JIRA jira@apache.org
In reply to this post by JIRA jira@apache.org
    [ http://issues.apache.org/jira/browse/LUCENE-701?page=comments#action_12446638 ]
           
Ning Li commented on LUCENE-701:
--------------------------------

Can the following scenario happen with lock-less commits?

1 A reader reads segments.1, which says the index contains seg_1.
2 A writer writes segments.2, which says the index now contains seg_2, and deletes seg_1.
3 The reader tries to load seg_1 and fails.


> Lock-less commits
> -----------------
>
>                 Key: LUCENE-701
>                 URL: http://issues.apache.org/jira/browse/LUCENE-701
>             Project: Lucene - Java
>          Issue Type: Improvement
>          Components: Index
>    Affects Versions: 2.1
>            Reporter: Michael McCandless
>         Assigned To: Michael McCandless
>            Priority: Minor
>         Attachments: index.prelockless.cfs.zip, index.prelockless.nocfs.zip, lockless-commits-patch.txt
>
>
> This is a patch based on discussion a while back on lucene-dev:
>     http://mail-archives.apache.org/mod_mbox/lucene-java-dev/200608.mbox/%3c44E5B16D.4010805@...%3e
> The approach is a small modification over the original discussion (see
> Retry Logic below).  It works correctly in all my cross-machine test
> case, but I want to open it up for feedback, testing by
> users/developers in more diverse environments, etc.

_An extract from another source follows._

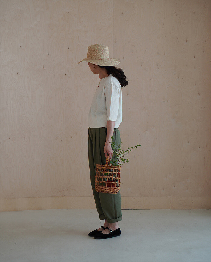 캐주얼한 느낌으로 컴피팬츠와 함께.
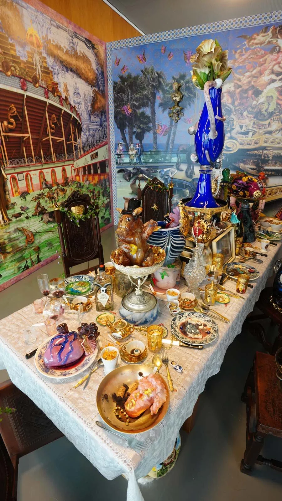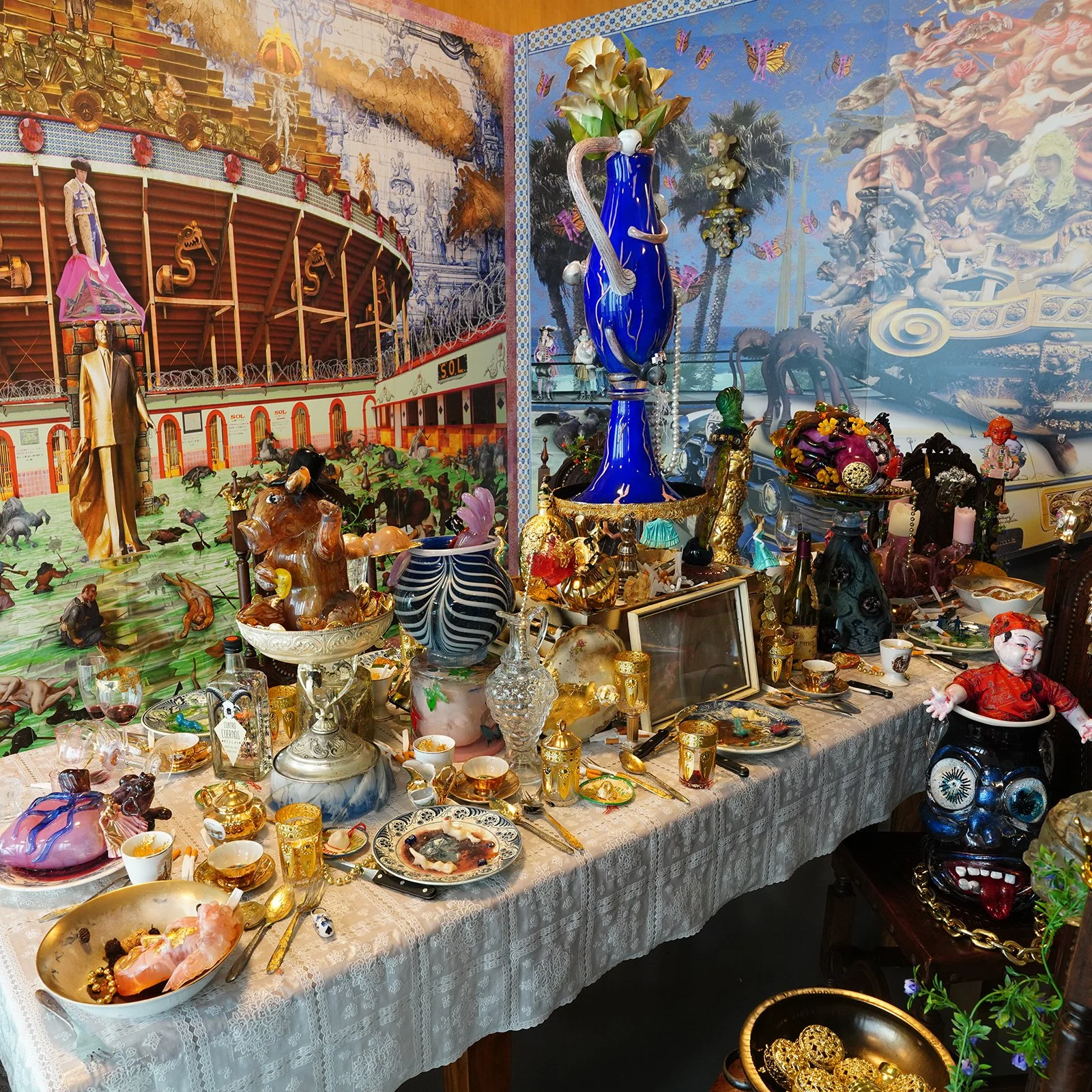 Combining blown glass pieces with mixed media and artistic installations, their works address topics as vast and current as the identity of peoples, globalization and capitalism. The De La Torres’ work abounds in references to Mexican stories and traditions, religious and sexual allusions.

> This is a small change to how lucene stores its index that enables
> elimination of the commit lock entirely.  The write lock still
> remains.
> Of the two, the commit lock has been more troublesome for users since
> it typically serves an active role in production.  Whereas the write
> lock is usually more of a design check to make sure you only have one
> writer against the index at a time.
> The basic idea is that filenames are never reused ("write once"),
> meaning, a writer never writes to a file that a reader may be reading
> (there is one exception: the segments.gen file; see "RETRY LOGIC"
> below).  Instead it writes to generational files, ie, segments_1, then
> segments_2, etc.  Besides the segments file, the .del files and norm
> files (.sX suffix) are also now generational.  A generation is stored
> as an "_N" suffix before the file extension (eg, _p_4.s0 is the
> separate norms file for segment "p", generation 4).

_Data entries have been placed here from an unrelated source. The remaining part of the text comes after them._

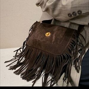 BROWN CHOCOLATE MEDIUM FRINGE BOHEMIAN BAG
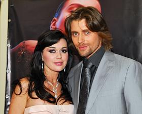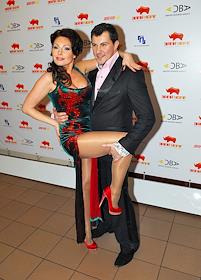 Актриса Анастасия Заворотнюк (слева) и фигурист Петр Чернышев (справа) на первой церемонии вручения премии за лучшие телевизионные сериалы "Золотой носорог". Церемония прошла в Театре Киноактера.
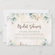 Este diseño presenta una invitación a la ducha de novia con un estilo floral, botánico, boho, con flores elegantes de acuarela y un guión elegante de caligrafía, con eucalipto, vegetación y follaje
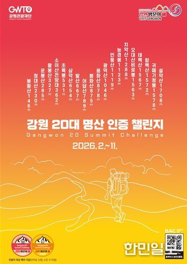 한민일보 서울포커스 곽중희 기자 | 강원특별자치도와 강원관광재단은 오는 2월 23일부터 11월까지 ‘강원 20대 명산 인증챌린지’를 운영한다.
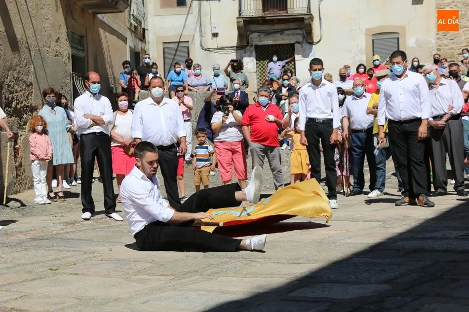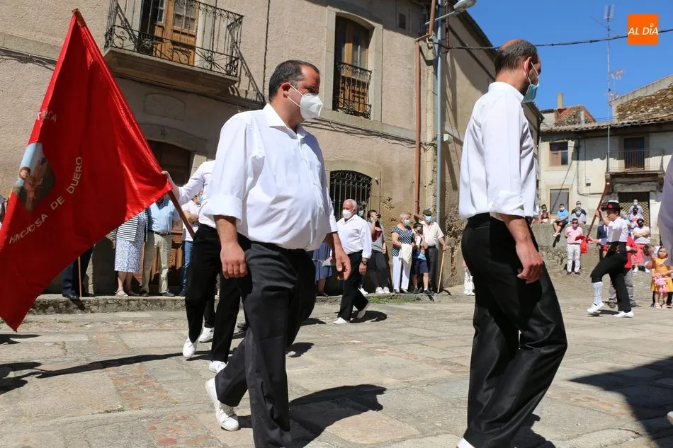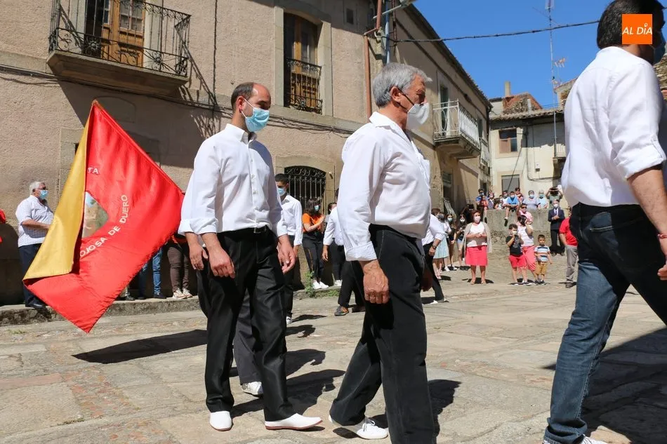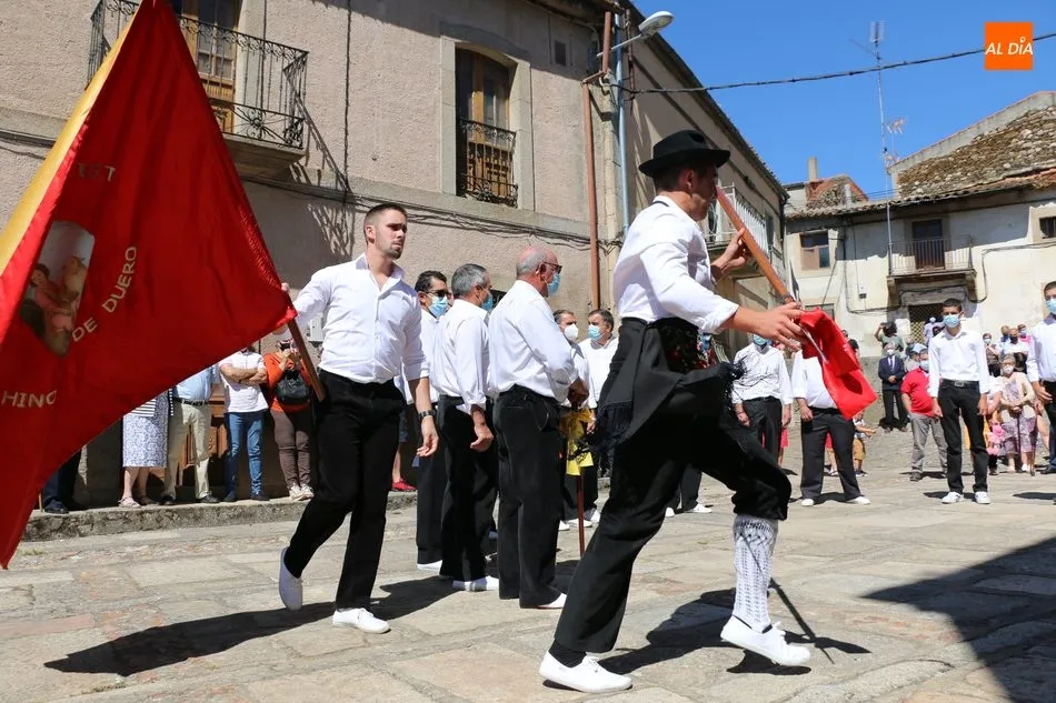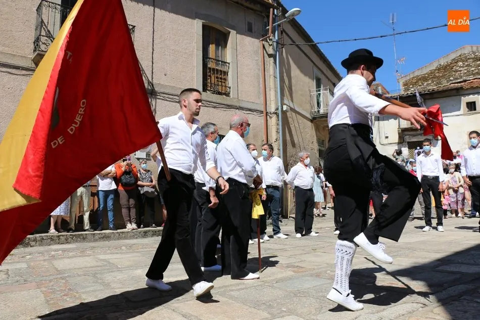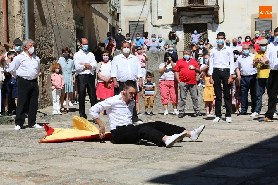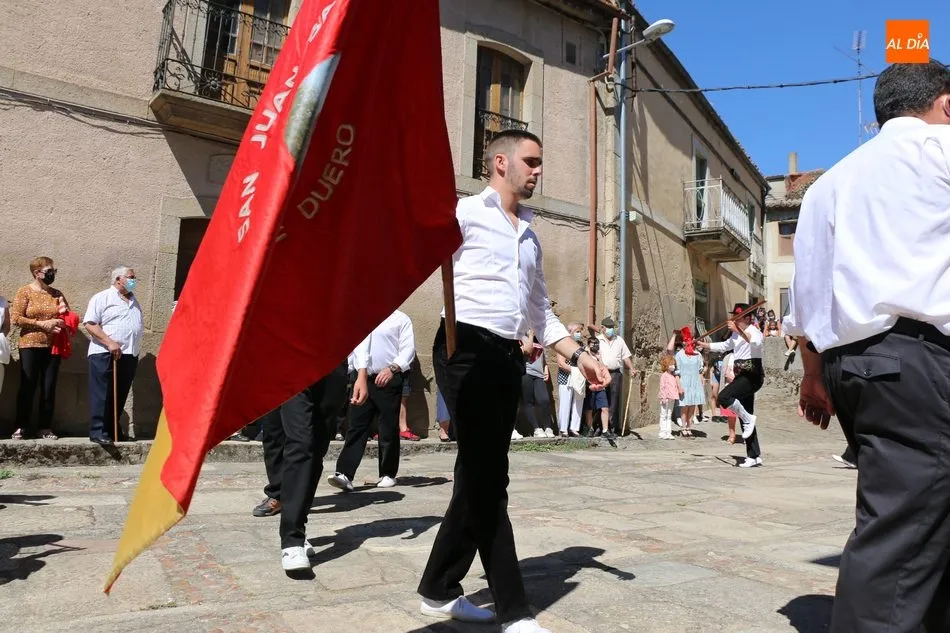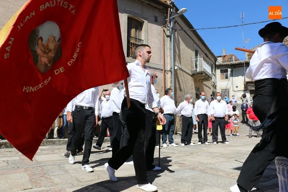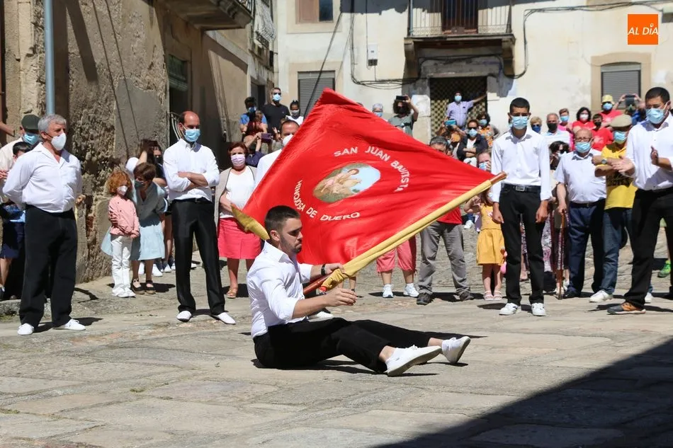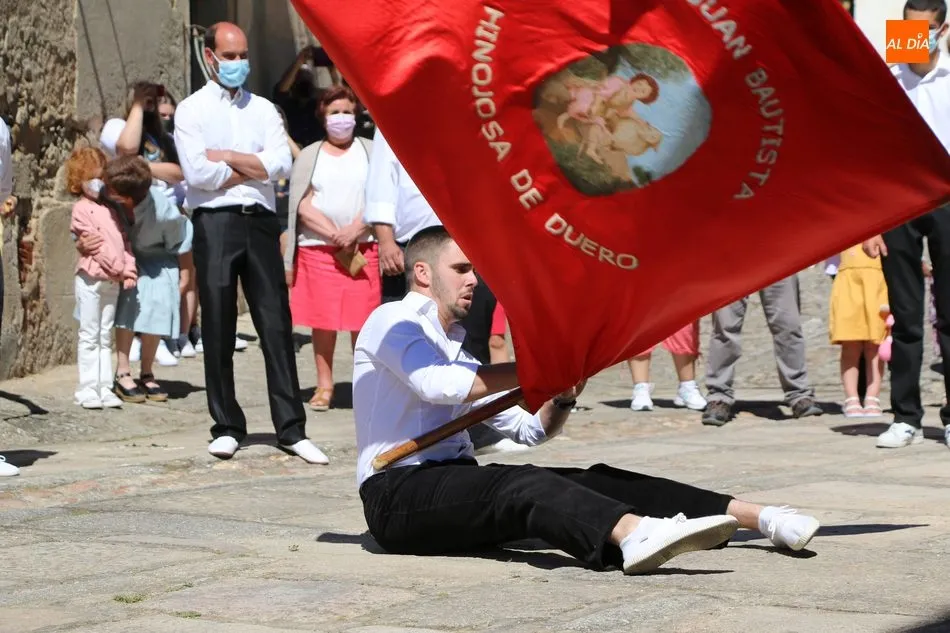 Hinojosa de Duero volvió a vivir el día de San Juan de manera intensa, sin la emoción que imprimen a estas fiestas los festejos taurinos, pero con su principal esencia. El Baile de la bandera hizo vibrar de nuevo a los hinojoseros a las puertas de la iglesia de San Pedro, danza interpretada en esta ocasión por Pedro Méndez Fernández, en el papel de Alabarda, y por Miguel Caballero Galante en el papel de abanderado.

> One important benefit of this is it avoids files contents caching
> entirely (the likely cause of errors when readers open an index
> mounted on NFS) since the file is always a new file.
> With this patch I can reliably instantiate readers over NFS when a
> writer is writing to the index.  However, with NFS, you are still forced to
> refresh your reader once a writer has committed because "point in
> time" searching doesn't work over NFS (see LUCENE-673 ).
> The changes are fully backwards compatible: you can open an old index
> for searching, or to add/delete docs, etc.  I've added a new unit test
> to test these cases.
> All units test pass, and I've added a number of additional unit tests,
> some of which fail on WIN32 in the current lucene but pass with this
> patch.  The "fileformats.xml" has been updated to describe the changes
> to the files (but XXX references need to be fixed before committing).
> There are some other important benefits:
>   * Readers are now entirely read-only.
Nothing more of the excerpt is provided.